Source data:
►
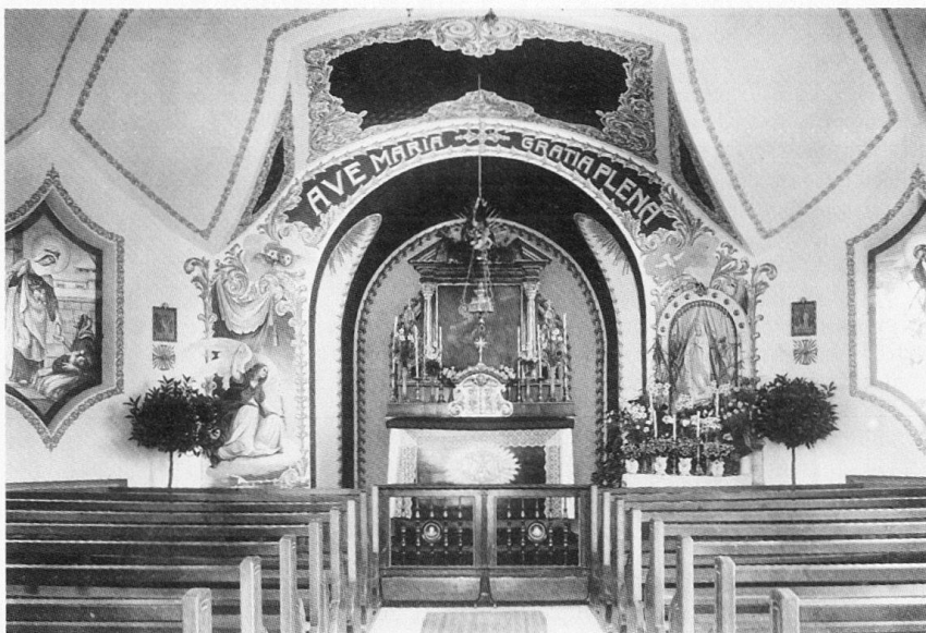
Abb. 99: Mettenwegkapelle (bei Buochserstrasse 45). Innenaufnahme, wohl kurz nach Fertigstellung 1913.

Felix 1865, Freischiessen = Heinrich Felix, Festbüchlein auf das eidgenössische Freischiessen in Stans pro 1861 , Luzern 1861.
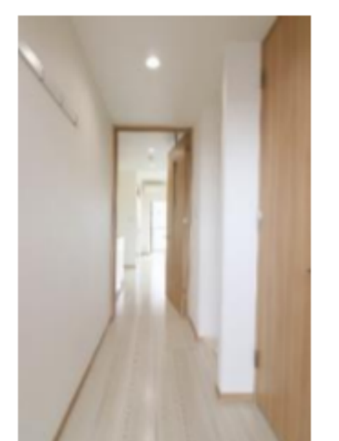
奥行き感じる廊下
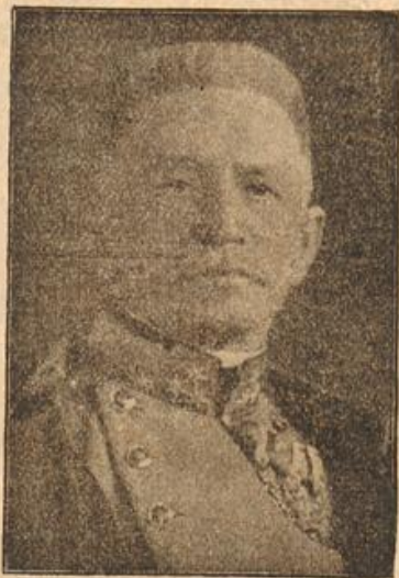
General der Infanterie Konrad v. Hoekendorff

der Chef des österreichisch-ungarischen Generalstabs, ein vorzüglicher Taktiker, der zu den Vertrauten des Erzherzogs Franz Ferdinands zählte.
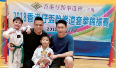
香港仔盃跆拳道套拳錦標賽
◄
- What the task asks
Drop the images and repeat the data exactly.

- Solution to this exercise
Abb. 99: Mettenwegkapelle (bei Buochserstrasse 45). Innenaufnahme, wohl kurz nach Fertigstellung 1913.

Felix 1865, Freischiessen = Heinrich Felix, Festbüchlein auf das eidgenössische Freischiessen in Stans pro 1861 , Luzern 1861.
奥行き感じる廊下
General der Infanterie Konrad v. Hoekendorff

der Chef des österreichisch-ungarischen Generalstabs, ein vorzüglicher Taktiker, der zu den Vertrauten des Erzherzogs Franz Ferdinands zählte.
香港仔盃跆拳道套拳錦標賽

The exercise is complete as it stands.